Portland Zine Symposium

A personal review


I just attended the Portland Zine Symposium. About 200 vendors proffered their wares. Being a Steppenwolf aficionado (it’s on my desert island list), I am drawn to this sort of event. Here is the connection: Steppenwolf has several zine-like aspects, and they’re core to the very structure and meaning of the book. First, there is the opening narrator, who is dabbling in a little indie-publishing; by his own admission, what respectable house would take this stuff? Even he is incredulous. Then there is the moment when the plot deviates into Harry Haller’s Records, essentially a found text. Then, and most important, there is the Treatise on the Steppenwolf, a pulpy tract handed to Harry Haller by a street vendor on a dark and stormy night. Magic Theater! Entrance Not For Everybody! The tract has a samizdat quality to it. What zinester would not be proud to have their own work passed along thusly, in the dark, in the rain, down a cobblestoned street. What zinester would not want their work to tilt the trajectory of literature?

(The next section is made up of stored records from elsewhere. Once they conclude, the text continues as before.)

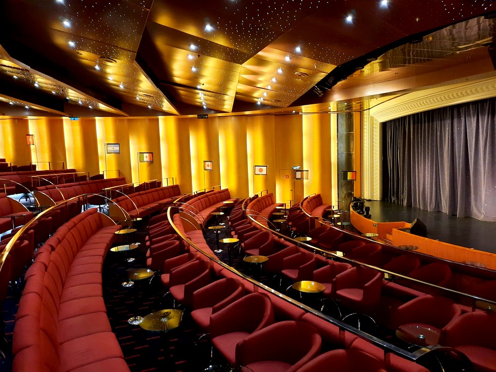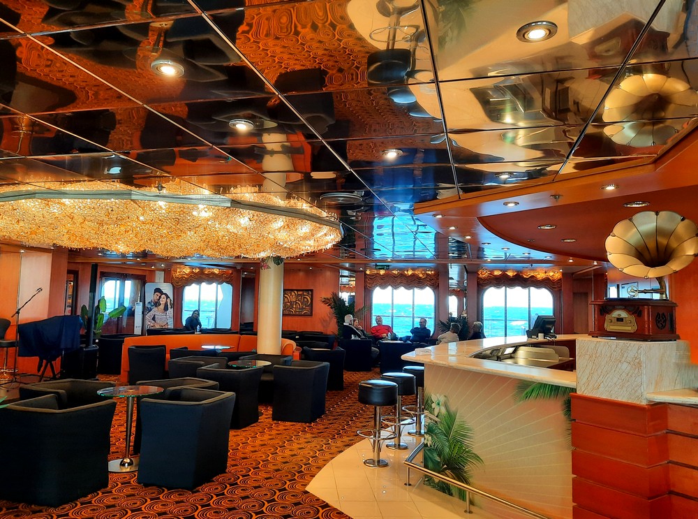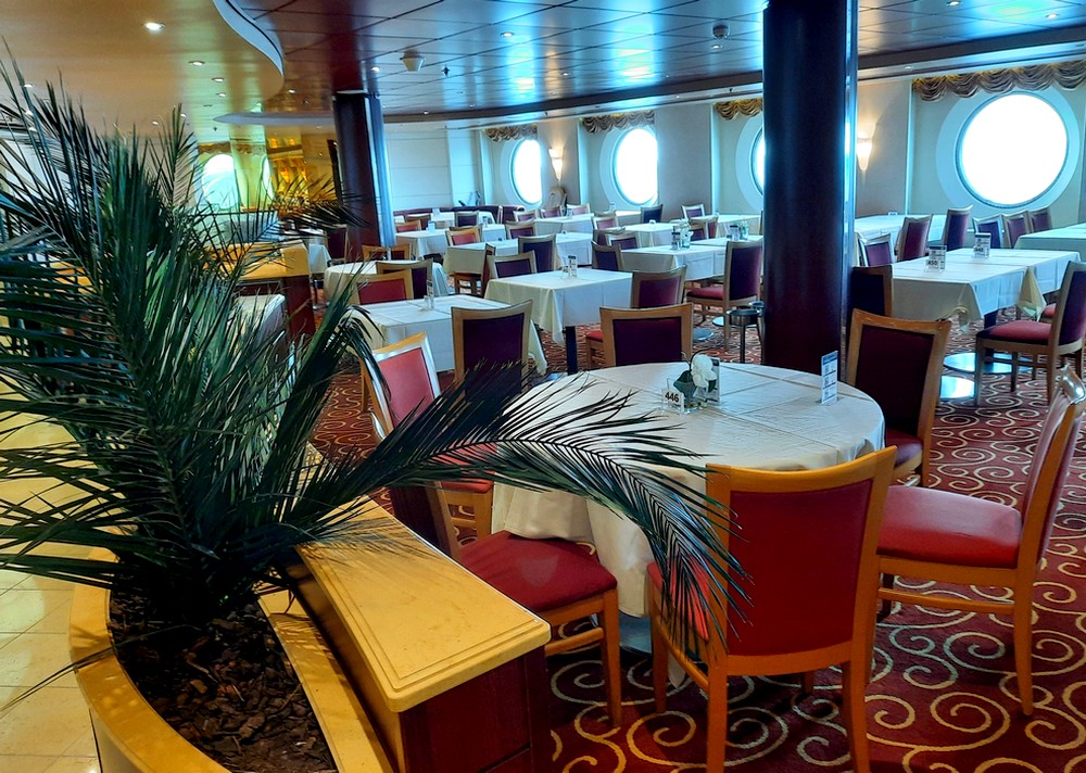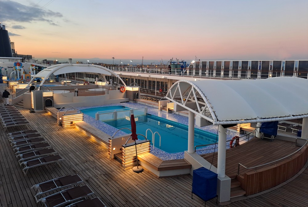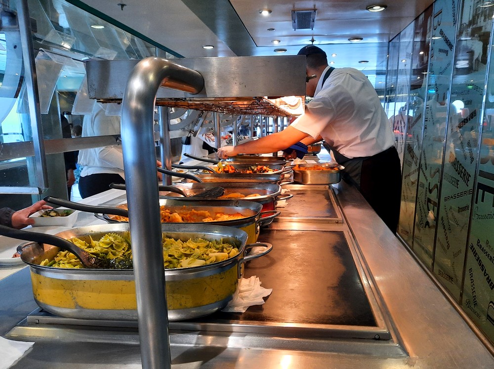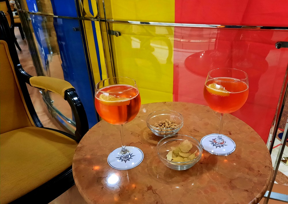 C’est après un ultime trajet très matinal sur le Grand Canal à bord d’un vaporetto de la ligne 1, suivi d’un court trajet en Moover – un métro aérien – que nous rejoignons la gare maritime de Venise. Si les paquebots n’accostent plus à cet endroit depuis quelques années déjà, les formalités d’embarquement s’effectuent toujours ici. Après un contrôle rapide des certificats de vaccination, tests antigéniques, tickets de voyage et passeports, l’attente est ensuite assez longue pour que nous soit délivrée notre carte de croisière – véritable sésame de notre voyage qui nous servira autant à ouvrir la porte de notre cabine qu’à régler nos consommations ou autres dépenses à bord. Finalement, vers 13h30, nous montons à bord d’une navette maritime qui nous mène en une petite demi-heure jusqu’à l’Armonia, amarré au port de Marghera. Une fois dans le bateau, et après une dernière queue où nos passeports nous sont retirés – si quelqu’un connait la législation exacte en la matière, je suis preneuse, car il n’est jamais agréable d’être ainsi dépossédé de ce précieux laisser-passer de voyage – nous filons sur le pont supérieur où le buffet permet de se restaurer à toute heure de la journée ! Puis nous partons à la découverte du bateau en enchainant les montées et descentes d’escaliers, les ascenseurs étant bondés de passagers qui cherchent leur cabine. Notre première impression est positive : la conception du bateau étant assez ancienne, il est à « taille humaine » et ne n’affiche aucun clinquant superflu. Tant mieux ! Néanmoins, les infrastructures sont de très bon niveau avec piscine, pont pour la marche, salle de sport, théâtre et nombreux salons… Après avoir récupéré les bagages dans la cabine – installée sur le pont 9 – et sacrifié à l’indispensable exercice de sécurité, il ne nous reste qu’à siroter un apéritif bien mérité au bar del Duomo, puis à rejoindre la Pergola, le restaurant qui nous a été attribué pour le diner. Diner dont la qualité se révèle nettement au-dessus de nos attentes !
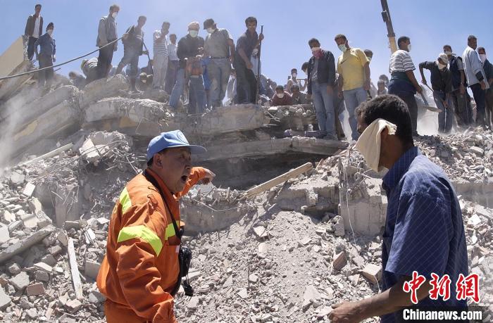 2003年,孫柏濤作為中國國際救援隊(duì)專家在阿爾及利亞地震現(xiàn)場指導(dǎo)救援。應(yīng)急管理部供圖
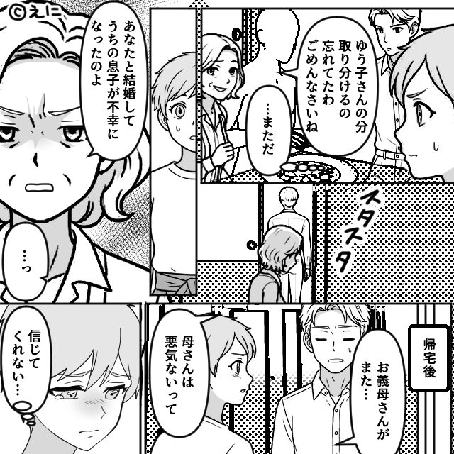 義実家の集まりで…嫁だけ“食事をあげない”義母!?しかし⇒「母さん…?」ついに夫にバレ、義母「それは、その…」
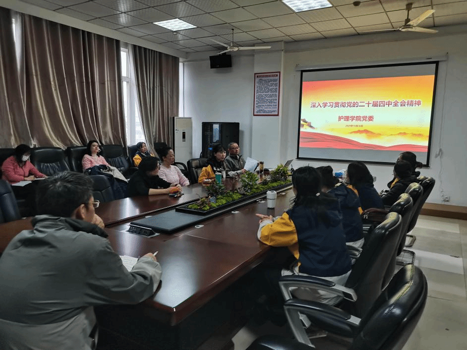 江中新闻网讯 (通讯员 杨芳)2025年10月30日,护理学院在学院会议室召开党的二十届四中全会精神学习动员部署会。学院领导班子成员及全体教职工党员参加会议,围绕全会提出的“十五五”时期发展目标与部署,结合护理学科特色与人才培养使命,深入探讨贯彻落实全会精神的具体路径。会议由学院党委书记刘仁民同志主持。
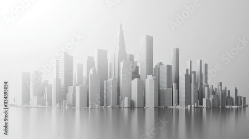Monochromatic Cityscape: A Minimalist Architectural Rendering of a Modern Metropolis
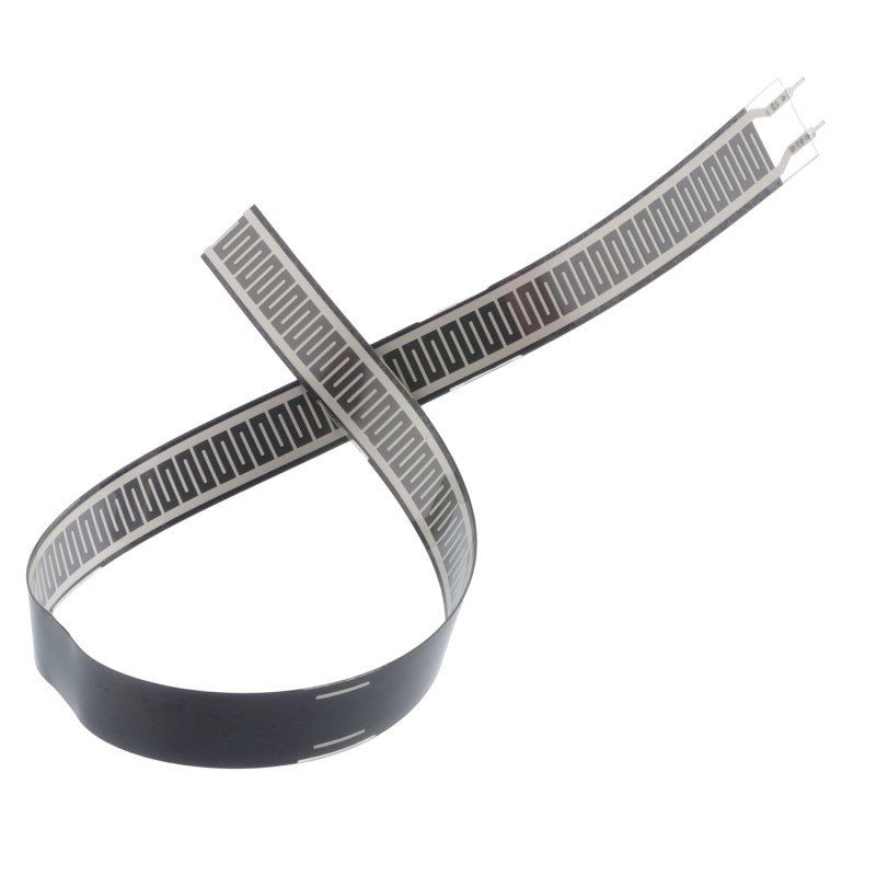 Elastyczny czujnik o wymiarach 400x15 mm, który może być używany do wykrywania niewielkich sił. Jest przeznaczony do wykrywania nacisku statycznego i dynamicznego przy dużej prędkości reakcji. Wykonany został z cienkiej folii (0,35 mm) o doskonałych właściwościach mechanicznych i przewodzących warstwach wrażliwych na nacisk nanometryczny. Działanie czujnika opiera się na rejestrowaniu intensywności i częstotliwości siły. Dzięki temu jest on powszechnie stosowany we wszystkich rodzajach urządzeń, takich jak przełącznik ciśnienia, system monitorowania czy urządzenia medyczne. Pełna dokumentacja dostępna jest na stronie produktu.

Can I even say zinester? Is that just too appalling?

My observations from the event:

1. I so want to start doing this!

2. I was most drawn to the vendors who had crafted beautiful printed works. The book arts. This engaged me far more than the content, which can be challenging or, given the natural diversity, can verge on arbitrary. Yet there’s no reason why book arts and the written word cannot inform each other.

3. I took notes on the best tactics for display and engagement, that I might apply these when my book comes out.

4. There seemed to be an imperfect overlap between zines and comics. They share elements, but they have many differences too. The graphic art at the symposium was stunning. Much of it had expanded beyond zines into pins, prints, stickers, and paper ephemera. My traveling companion nine years old the child of my first marriage loaded up on stickers.

5. I enjoyed guidebooks and samizdats, and any minutiae my thoughts organize themselves around.

6. My cut-up project, described in earlier posts, would make a fine zine.

7. A lot of the zines reminded me of Tumblr feeds. Will I get tarred and feathered for saying that? What is digital’s role in this? Are zines analogous to slow food? Zines are a tactile experience, and Tumblr can never replicate that.

8. A goodly number of the vendors were librarians. I love that.

9. I saw virtually no crossover with the literary world, ie, the AWP book fair.

10. My kid felt there were too many cuss words and not enough free candy.